Studio Polandia di belakang The Witcher 3, Cyberpunk 2077 dan ekspansi Phantom Liberty yang baru dirilis, telah mengeluarkan permintaan maaf setelah beberapa pemain menunjukkan "konten anti-Rusia" dalam lokalisasi Phantom Liberty di Ukraina.
Ini termasuk:
- Sekelompok bandit disebut "Rusnia", istilah yang menghina untuk orang Rusia.
- Grafiti di Night City menyinggung perebutan kembali semenanjung Krimea oleh Ukraina.
- Pose yang dikenal dalam versi lain sebagai Slav Squat disebut Like a Russian.
- Garis dialog yang secara kasar diterjemahkan menjadi "Persetan dengan diri Anda ke arah yang sama seperti yang dilakukan kapal", referensi ke pernyataan terkenal penjaga perbatasan Roman Hrybov setelah Ukraina menenggelamkan kapal armada Laut Hitam Rusia.

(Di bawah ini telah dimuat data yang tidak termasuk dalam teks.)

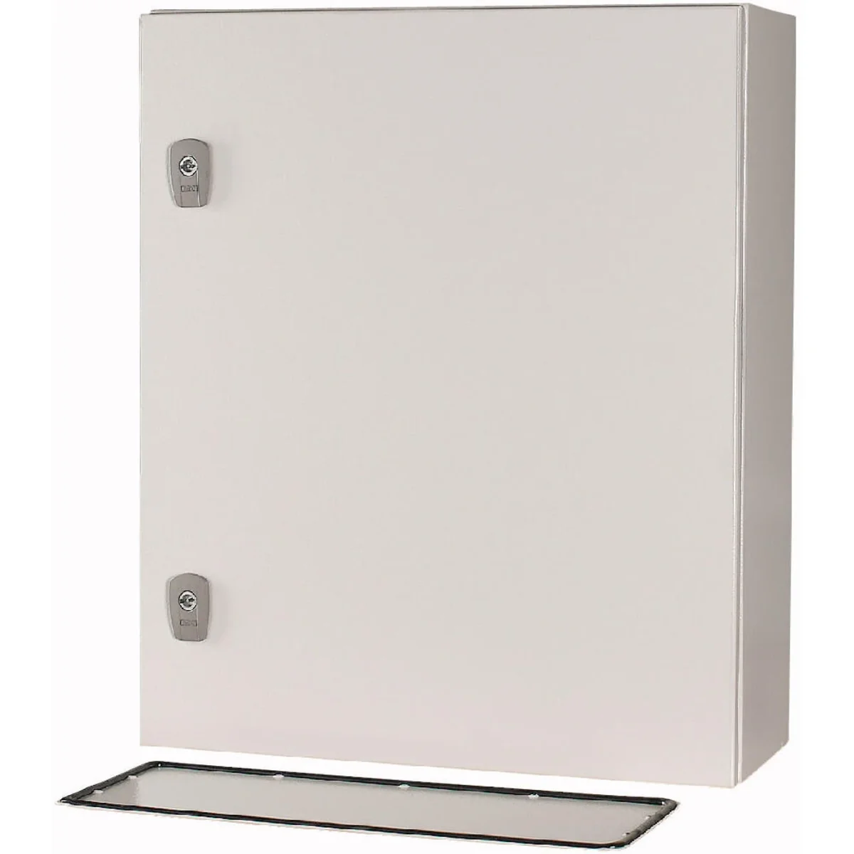 Carters universels CS. Les enveloppes sont équipées de : plaque de montage, serrure, porte, plaque d'obturation complète.Il est possible de commander un appareillage de couleur et de dimensions différentes (sur demande).

Inilah yang dikatakan oleh perwakilan loacalisation global CDPR Mariia Strilchuk tentang masalah ini di Twitter:
"Saya ingin mengklarifikasi mengenai koreksi terhadap lokalisasi Ukraina [...] Mereka merujuk pada baris di mana terjemahan kehilangan makna aslinya, termasuk referensi tertentu untuk perang Rusia-Ukraina. Dukungan kami ke Ukraina tetap tidak berubah, tetapi kami lebih suka menunjukkannya melalui tindakan positif."

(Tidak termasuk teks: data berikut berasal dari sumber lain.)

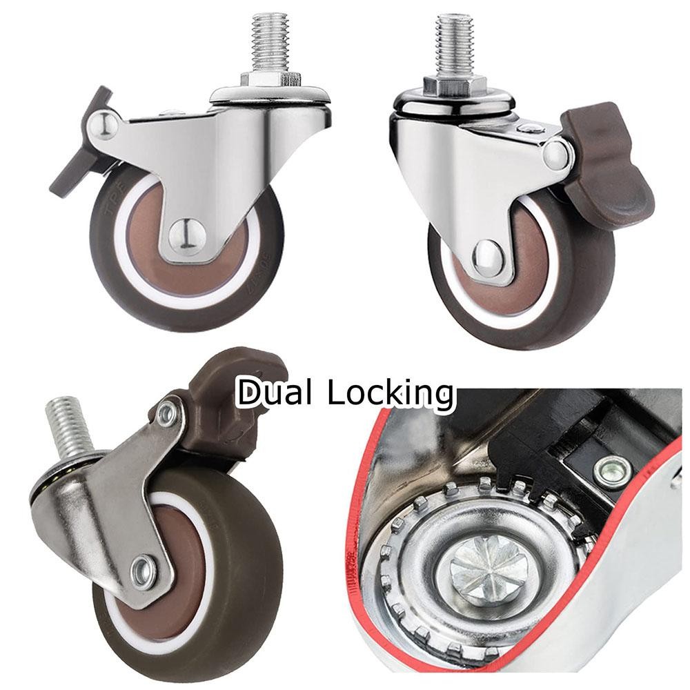 LAYOR1 4PCS Threaded Stem Swivel Casters, No Noise 1.5" / 2" Wheel Furniture Castor, M10 TPE Rubber M8 Rubber Castor Table Shelf

Bagaimana konten anti-Rusia ini bisa muncul? Pengalihdayaan. Kepala hubungan masyarakat global, Radek Grabowski, mengatakan kepadaRockpapershotgun:
"Versi rilis lokalisasi Ukraina Cyberpunk 2077 menampilkan elemen dialog yang dapat dianggap ofensif oleh gamer Rusia, [...] Baris-baris ini belum ditulis oleh staf CD Projekt Red dan tidak mewakili pandangan kami. Kami sedang berupaya menghasilkan baris yang benar dan menggantinya di pembaruan berikutnya. Kami meminta maaf atas situasi ini dan telah membuat langkah-langkah untuk menghindari situasi seperti itu di masa depan."